二束三文 数があっても、値段がほとんどつかない 二束 三文 わずかな値段 投資での比喩 安値でしか売れない ただし、株価の低さだけで 企業価値は決められない kabutrack.com

まず結論

二束三文とは、物や資産が非常に安い値段でしか売れないことです。読み方は「にそくさんもん」です。

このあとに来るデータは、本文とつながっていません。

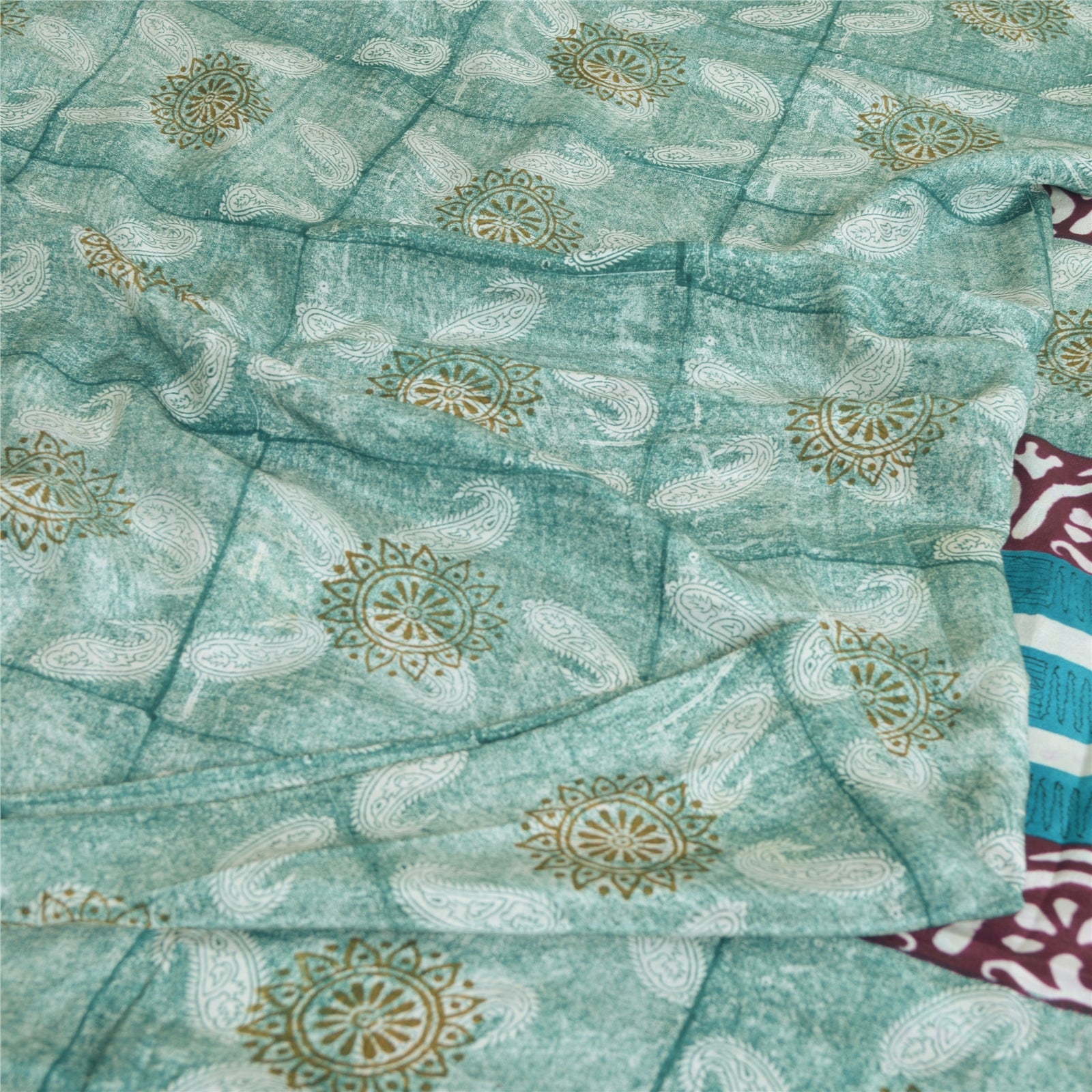 Sanskriti Vintage Sarees Indian Blue Pure Crepe Silk Printed Sari Craft Sustainable Fabric
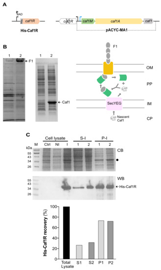 2.2. Caf1R Expression from the Native Gene, Cloned in pBADHis6 Plasmid
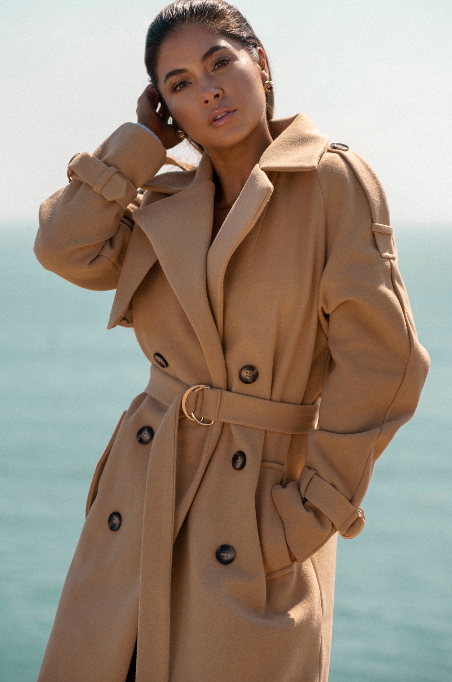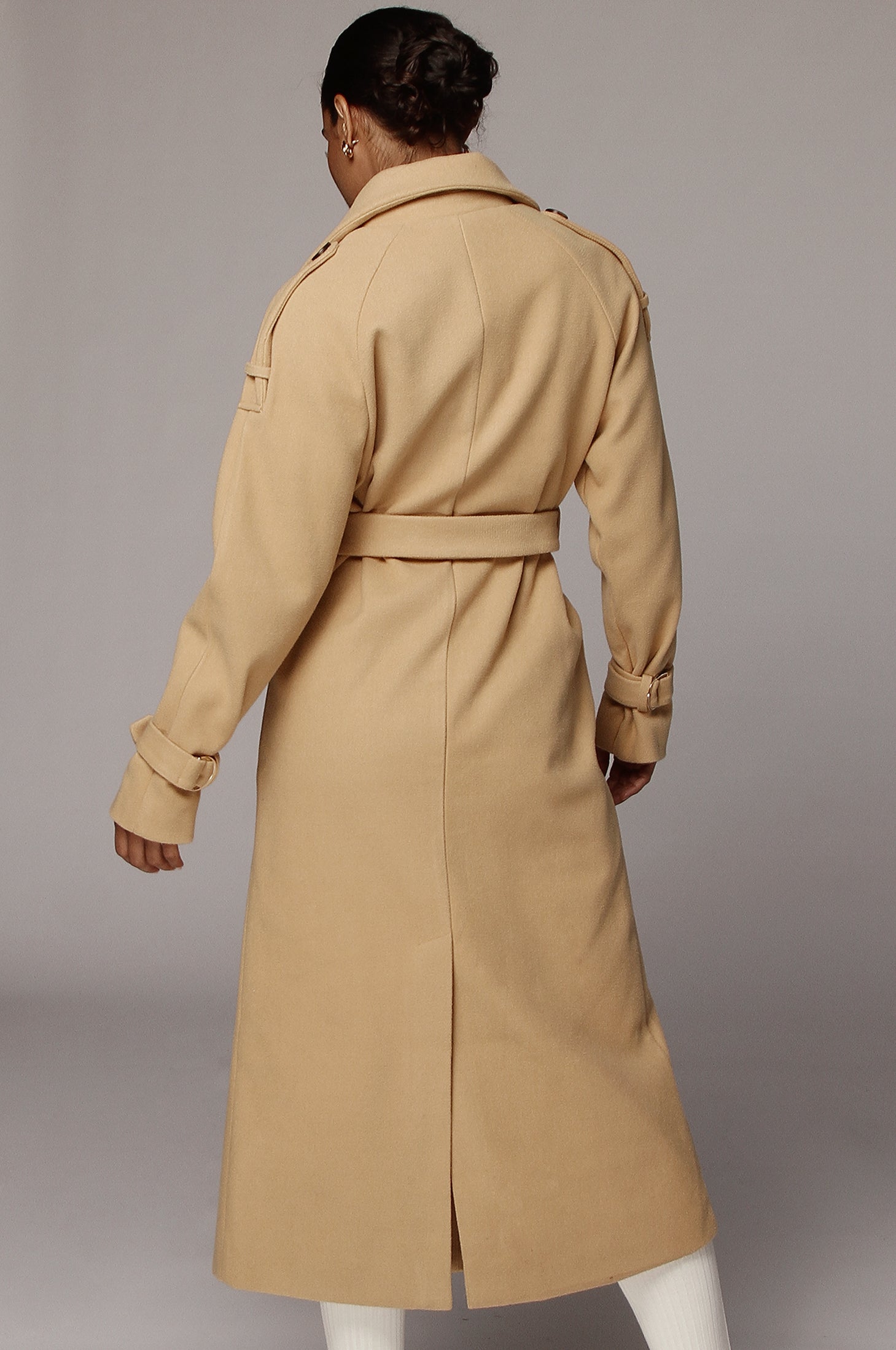 EXCLUSIVELY DESIGNED BY US FOR YOU. So Sophisticated and stylish. This coat features everything your fall coat calls for! Detailed with an upright shoulder flap, shoulder tabs, double breasted button closure, statement D link arm cuffs, gold-tone detailing, and front side pockets. Made of a thick wool - like composure with lining. Belt is included. Minimal Stretch.

たとえば、長年集めた品物を売ったのに、期待した金額にならなかった場面で「二束三文にしかならなかった」と表現します。「二束三文で売る」なら、売り手が安値で手放す行為に焦点があります。

二束三文の意味と語源

「文(もん)」は、江戸時代などに使われた貨幣単位です。現代の会話で三文という金額を計算するわけではなく、「ほとんど値段がつかないほど安い」という意味で使います。

語源には諸説ありますが、辞書では、江戸時代の金剛草履などが二足で三文ほどの安値で売られていたことに由来する説が紹介されています。「二束」は「二足」と書かれる場合もあります。歴史上の実売価格を現在の金額に置き換える言葉ではなく、数があっても価値が低いという感覚を伝える表現です。

投資での使い方

株式投資や不動産投資では、購入時の期待に比べて大幅に安い価格で売却する場面を指して、「二束三文で手放す」と言うことがあります。

例えば、1株1,000円で買った株が100円まで下がり、買い手も少ないまま売却したケースです。このとき「二束三文で売ることになった」と表現できます。ただし、これは正式な金融用語や評価指標ではありません。損失率や時価総額を示す決まった基準もなく、安さを強調する日常的な言い回しです。

不動産なら、立地や建物の状態、買い手の少なさなどから、期待より大幅に低い価格で売る場面に使われます。株でも不動産でも、言葉の印象だけで資産価値を判断しないことが大切です。

「株価が安い」と「二束三文」は同じ?

同じではありません。株価は1株あたりの価格にすぎず、株式分割や発行済み株式数によって見え方が変わります。1株の価格が低くても、会社全体の価値や業績が低いとは限りません。

反対に、株価が大きく下がった理由が赤字の拡大、財務悪化、事業環境の変化などにあるなら、単なる安売りではなく企業価値の低下が反映されている可能性もあります。「安くなったから二束三文」と決める前に、下落理由と財務を確認する場面です。

似た表現との違い

表現主な意味焦点
二束三文非常に安い、ほとんど値打ちがない物や資産の安さ
捨て値損を覚悟した極端に安い売却価格売り手の処分行為
投げ売り損失を抑えようとして急いで売ること売却の動きや心理

「この土地は二束三文だ」は土地の価格の低さを表します。「土地を捨て値で売った」は、所有者が安値で処分した事実を強調します。株価急落時の「投げ売り」は、売り注文が集中する市場の動きを表す言葉です。

投資で使うときの注意点

「二束三文」という言葉は、売却後の悔しさや安さを伝えるには便利です。一方で、「安いから反発する」「売られすぎだから買い時だ」という売買サインにはなりません。

保有株が大幅に下がったときは、次の順番で整理すると判断がぶれにくくなります。

  1. 株価下落の原因を確認する
  2. 業績、財務、事業の将来性を見直す
  3. 売買のしやすさや売却時の価格差を確認する
  4. 生活資金を圧迫しない保有額か考える

「購入価格まで戻るか」だけを基準にすると、現在の企業価値や資金計画を見落としやすくなります。二束三文という感情的な表現を使った後こそ、数字と事実に戻るのが安全です。

まとめ

二束三文は、物や資産が非常に安い値段でしか売れないことを表す言葉です。語源は金剛草履などが二足で三文ほどだったという説が知られていますが、現在は実際の金額ではなく、安さの程度を表します。

投資では「二束三文で株を売る」のように使えます。ただし、株価の低さと企業価値の低さは別の話です。安値の理由を業績、財務、需給、流動性に分けて見ると、言葉の印象だけで判断する失敗を減らせます。